EXERCISE BRIEF — Omit the pictures and return exactly the stretch of the material below from the line with "济渎庙坐北朝南,总体面积布局" through the line with "الاسم صحابي أحمد".

DATA SEGMENT —
┄┄┄┄┄┄

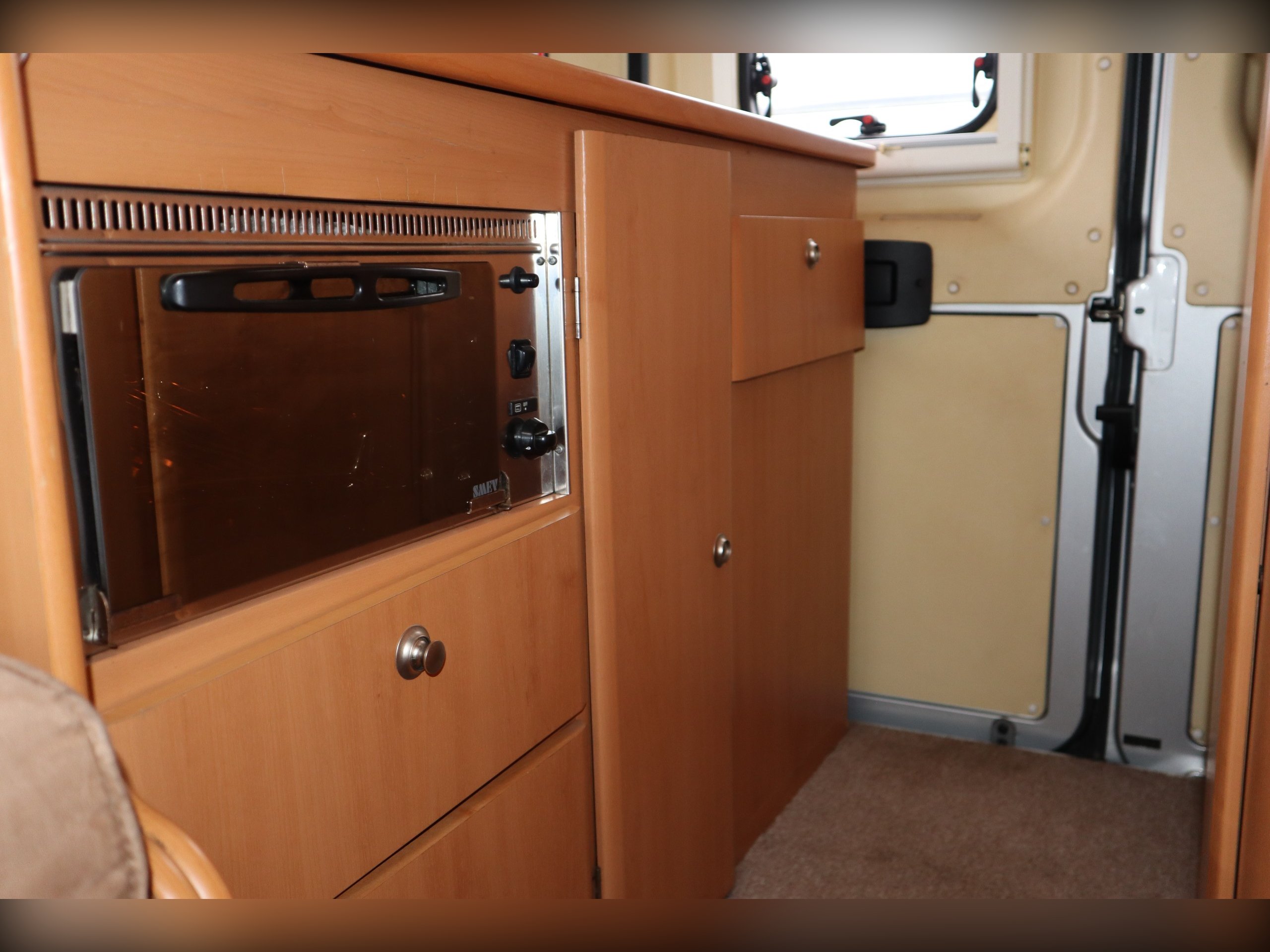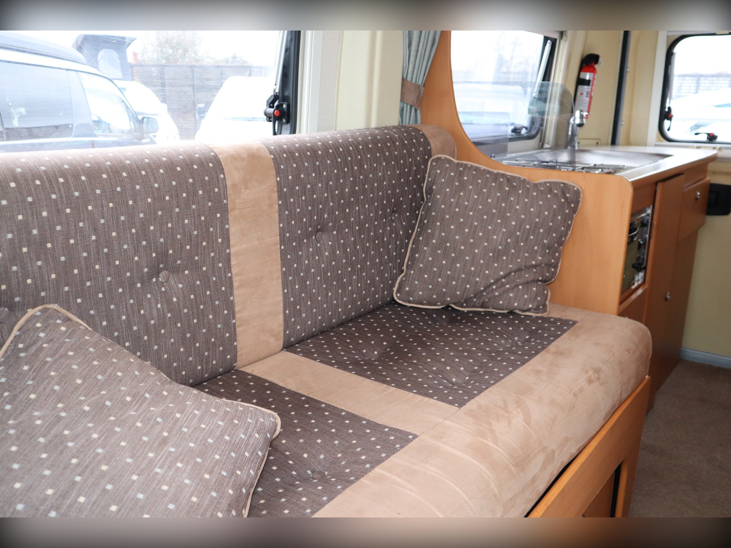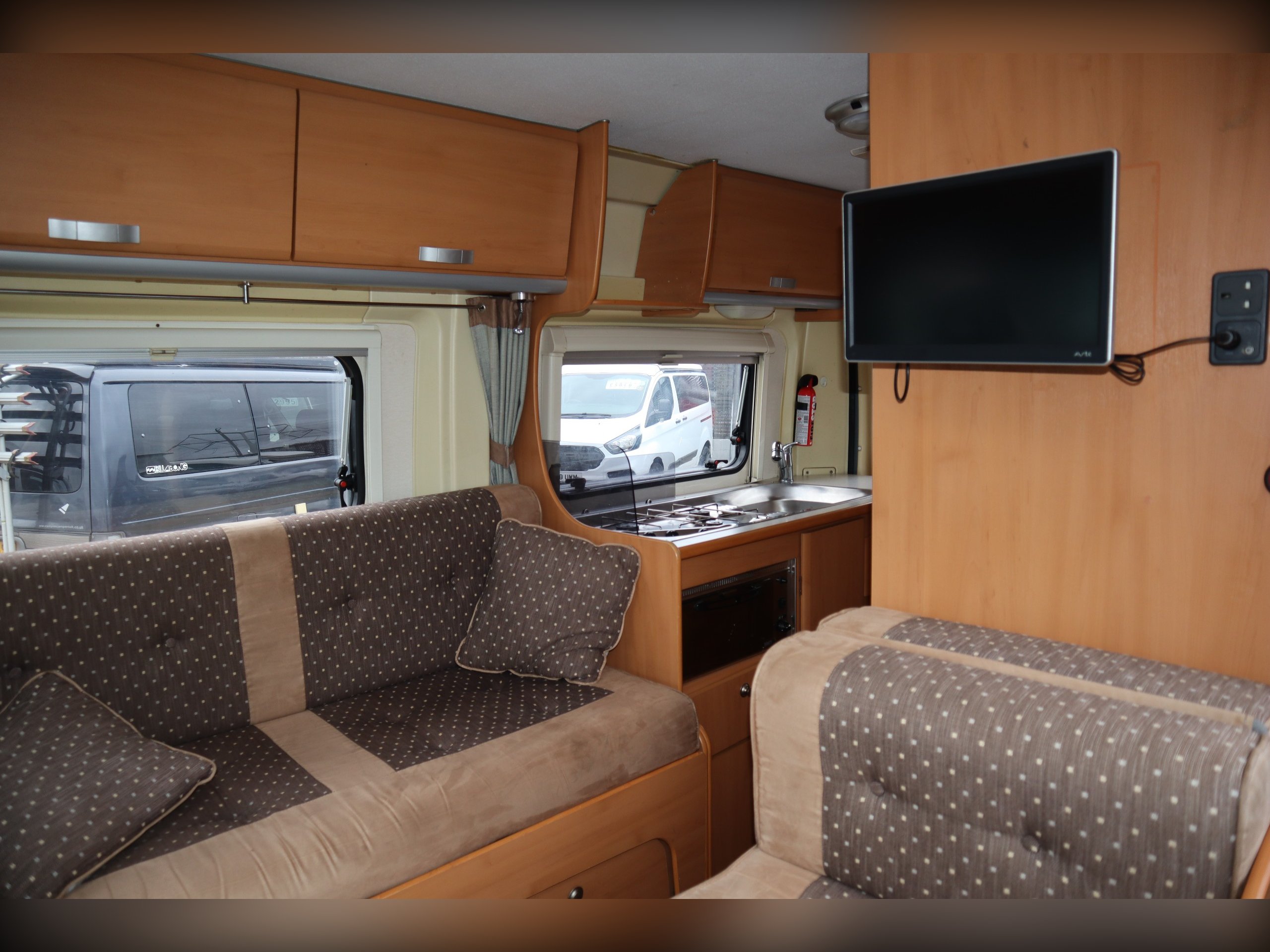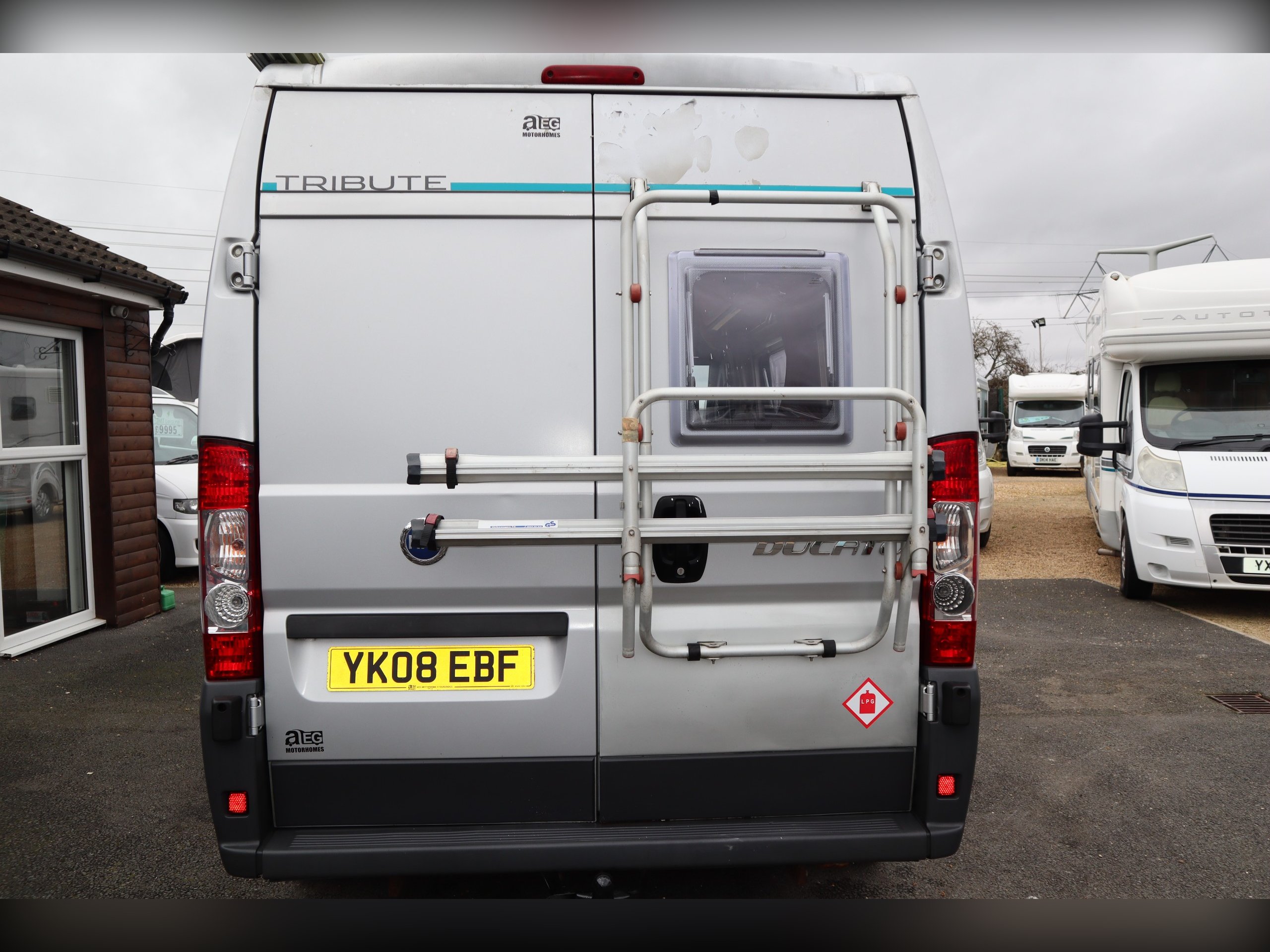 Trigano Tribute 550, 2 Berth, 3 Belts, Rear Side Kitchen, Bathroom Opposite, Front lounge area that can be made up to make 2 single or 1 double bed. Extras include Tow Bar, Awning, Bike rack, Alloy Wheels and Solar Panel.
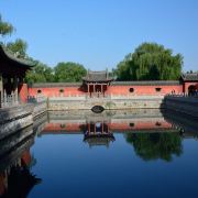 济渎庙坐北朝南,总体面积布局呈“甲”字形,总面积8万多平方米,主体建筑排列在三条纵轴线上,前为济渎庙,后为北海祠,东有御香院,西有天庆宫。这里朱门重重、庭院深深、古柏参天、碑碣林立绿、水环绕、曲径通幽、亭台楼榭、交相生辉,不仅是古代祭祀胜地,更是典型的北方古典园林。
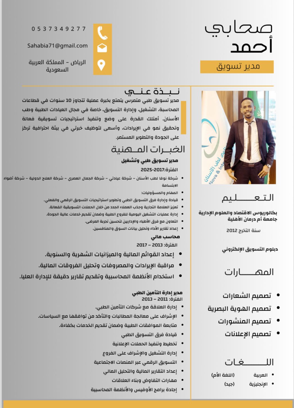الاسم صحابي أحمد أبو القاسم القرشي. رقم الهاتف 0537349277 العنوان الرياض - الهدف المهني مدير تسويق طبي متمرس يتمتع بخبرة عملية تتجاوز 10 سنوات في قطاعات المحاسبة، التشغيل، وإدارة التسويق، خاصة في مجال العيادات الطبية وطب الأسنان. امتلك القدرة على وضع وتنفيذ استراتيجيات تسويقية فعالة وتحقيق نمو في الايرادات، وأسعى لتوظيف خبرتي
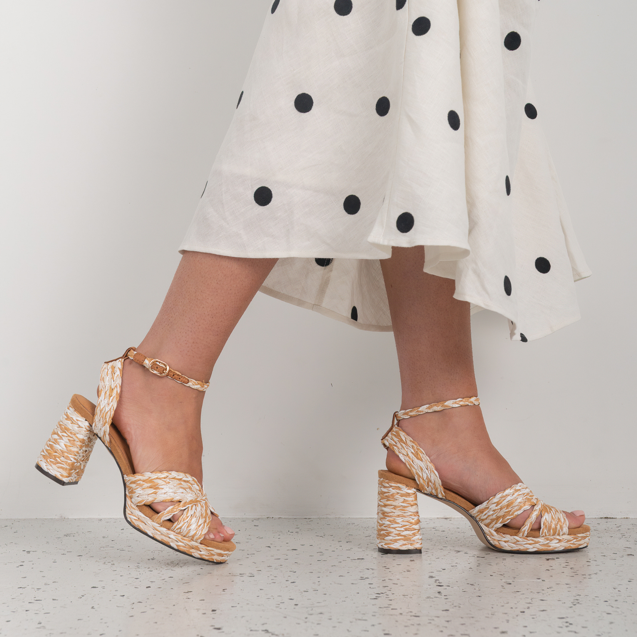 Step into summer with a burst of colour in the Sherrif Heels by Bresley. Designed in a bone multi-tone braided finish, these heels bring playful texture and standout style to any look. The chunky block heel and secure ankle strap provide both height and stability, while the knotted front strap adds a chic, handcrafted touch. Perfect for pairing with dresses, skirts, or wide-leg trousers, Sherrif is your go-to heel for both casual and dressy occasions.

┄┄┄┄┄┄

RESPONSE FOR THIS EXERCISE —
 济渎庙坐北朝南,总体面积布局呈“甲”字形,总面积8万多平方米,主体建筑排列在三条纵轴线上,前为济渎庙,后为北海祠,东有御香院,西有天庆宫。这里朱门重重、庭院深深、古柏参天、碑碣林立绿、水环绕、曲径通幽、亭台楼榭、交相生辉,不仅是古代祭祀胜地,更是典型的北方古典园林。
الاسم صحابي أحمد أبو القاسم القرشي. رقم الهاتف 0537349277 العنوان الرياض - الهدف المهني مدير تسويق طبي متمرس يتمتع بخبرة عملية تتجاوز 10 سنوات في قطاعات المحاسبة، التشغيل، وإدارة التسويق، خاصة في مجال العيادات الطبية وطب الأسنان. امتلك القدرة على وضع وتنفيذ استراتيجيات تسويقية فعالة وتحقيق نمو في الايرادات، وأسعى لتوظيف خبرتي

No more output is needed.